*THE PROBLEM*. Return exactly the lines from the "An illuminated page" line through the last line of the entries below. Include no pictures.

*EXERCISE INPUT*.
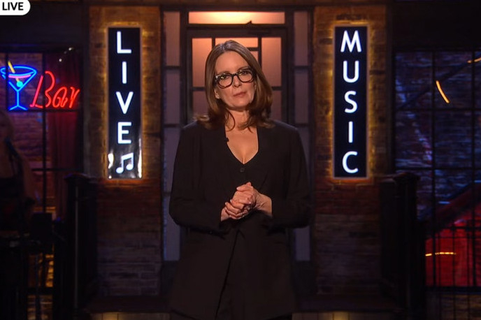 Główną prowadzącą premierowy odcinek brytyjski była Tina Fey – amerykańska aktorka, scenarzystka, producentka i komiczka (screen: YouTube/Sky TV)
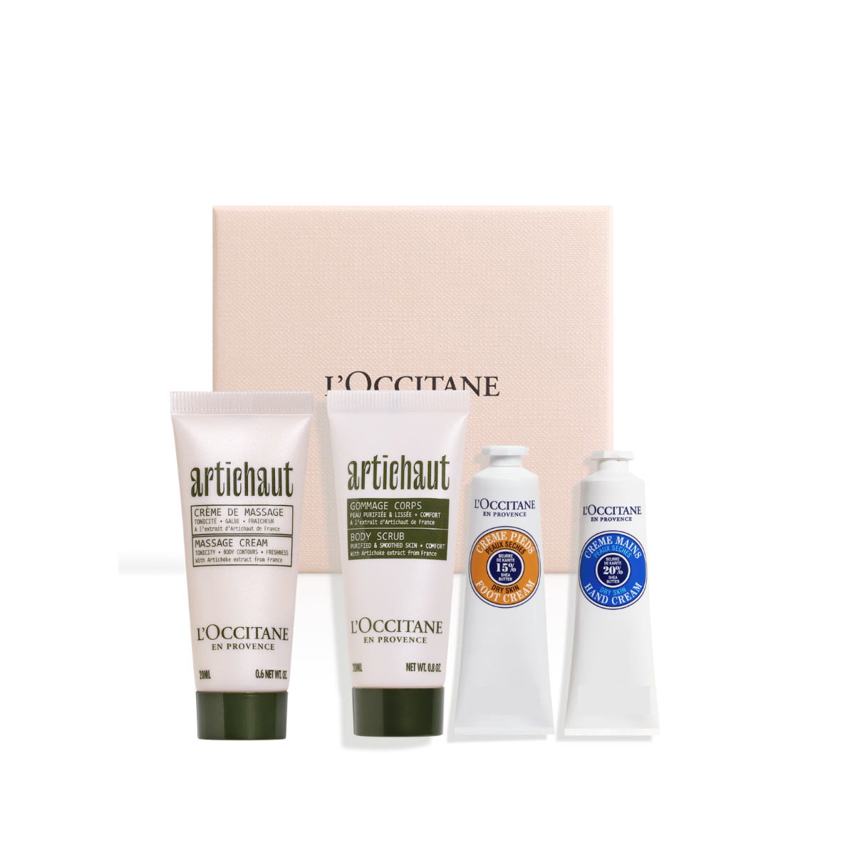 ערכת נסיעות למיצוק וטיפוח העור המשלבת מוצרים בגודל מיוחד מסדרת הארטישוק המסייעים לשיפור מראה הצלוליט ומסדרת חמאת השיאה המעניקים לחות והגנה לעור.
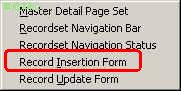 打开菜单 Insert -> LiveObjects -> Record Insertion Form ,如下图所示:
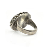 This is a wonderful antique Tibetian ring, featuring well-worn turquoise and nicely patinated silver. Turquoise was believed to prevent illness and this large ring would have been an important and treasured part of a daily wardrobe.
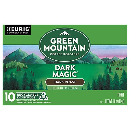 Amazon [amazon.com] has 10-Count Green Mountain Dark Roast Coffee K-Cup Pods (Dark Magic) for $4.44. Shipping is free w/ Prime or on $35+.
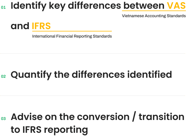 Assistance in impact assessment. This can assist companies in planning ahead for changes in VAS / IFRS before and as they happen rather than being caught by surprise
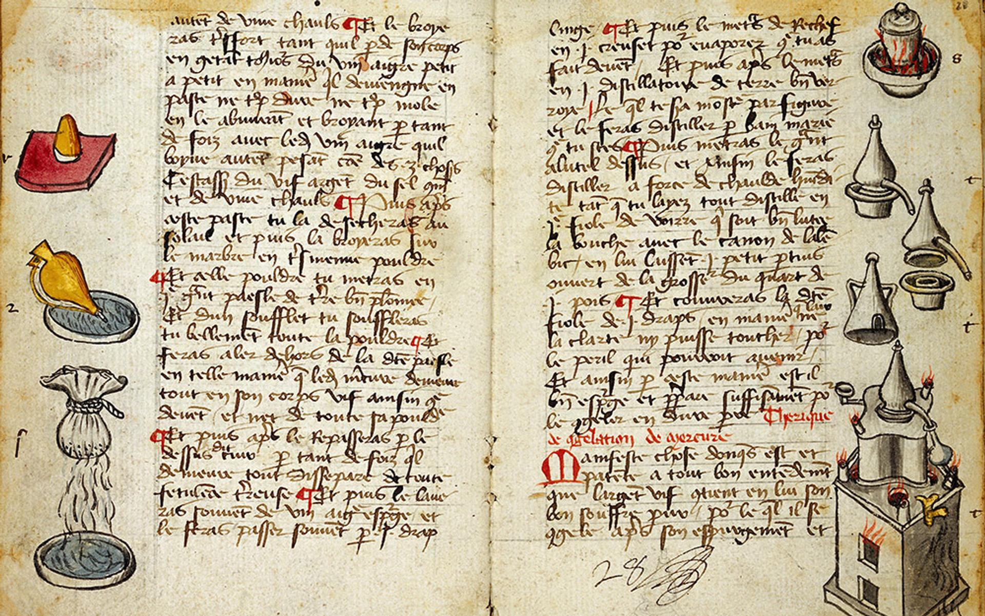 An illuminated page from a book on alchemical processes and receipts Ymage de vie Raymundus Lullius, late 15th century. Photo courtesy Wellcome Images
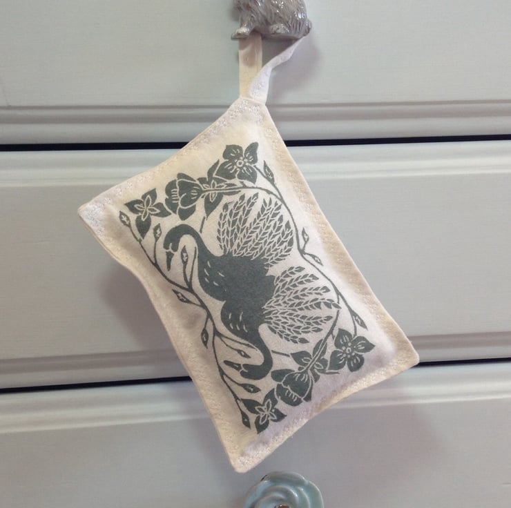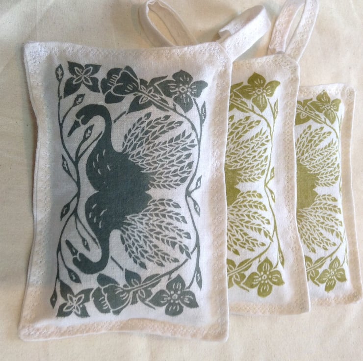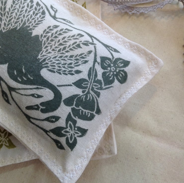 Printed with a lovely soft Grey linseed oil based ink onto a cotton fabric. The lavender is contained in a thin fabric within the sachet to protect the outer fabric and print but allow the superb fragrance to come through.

*WRITTEN REPLY*.
 An illuminated page from a book on alchemical processes and receipts Ymage de vie Raymundus Lullius, late 15th century. Photo courtesy Wellcome Images
 Printed with a lovely soft Grey linseed oil based ink onto a cotton fabric. The lavender is contained in a thin fabric within the sachet to protect the outer fabric and print but allow the superb fragrance to come through.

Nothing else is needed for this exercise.